The Battle Of The InfiniBands, Part Two

For decades, the IT market has been obsessed with the competition between suppliers of processors, but there are rivalries between the makers of networking chips and the full-blown switches that are based on them that are just as intense. Such a rivalry exists between the InfiniBand chips from Mellanox Technologies and the Omni-Path chips from Intel, which are based on technologies Intel got six years ago when it acquired the InfiniBand business from QLogic for $125 million.

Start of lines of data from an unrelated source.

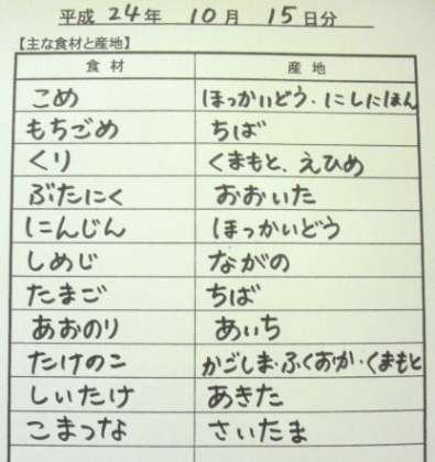 10月15日の主な給食食材産地です。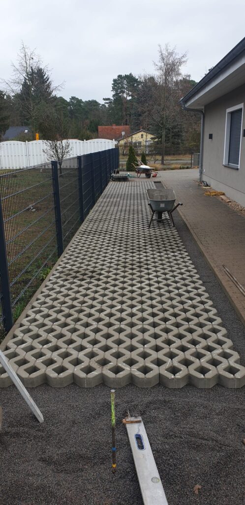 - Projektowanie i układanie nawierzchni z kostki brukowej o różnych kształtach i wzorach.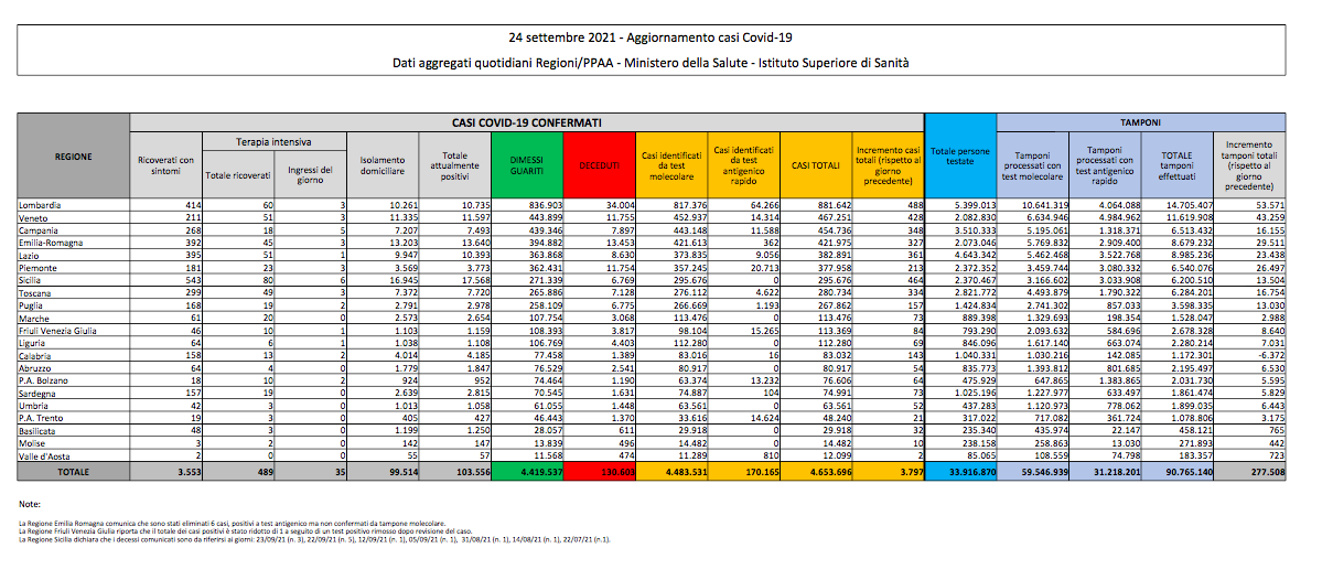 Covid, Italia: il bollettino di venerdì 24 settembre

At the time, we quipped that AMD needed to buy Mellanox, but instead AMD turned right around and shelled out $334 million to buy microserver maker SeaMicro, which had its own interconnect but not one suitable for HPC as we know it, and Intel almost immediately went out and bought the “Gemini” and “Aries” HPC interconnect business from supercomputer maker Cray for $140 million. In July 2011, Intel snapped up innovative Ethernet chip maker Fulcrum Microsystems for an undisclosed sum, which started off its buying spree.

At the moment, Omni-Path is an InfiniBand-derived networking technology with a proprietary protocol that uses an onload model, meaning a lot of the networking jobs are pulled onto the processors of the cluster and are not done by the switch; Omni-Path also borrows some technology from the Aries interconnect with the Omni-Path 100 Series, which debuted in November 2015 and which, as the name suggests, runs at 100 Gb/sec. With the future 200 Series, which was expected to debut this year in the original “Aurora” Knights Hill supercomputer slated for Argonne National Laboratory, Intel is moving to 200 Gb/sec speeds and will incorporate more goodies from Aries. We have also heard through the grapevine that this Omni-Path 200 will offer more offload of functions, as Mellanox does with its InfiniBand switches.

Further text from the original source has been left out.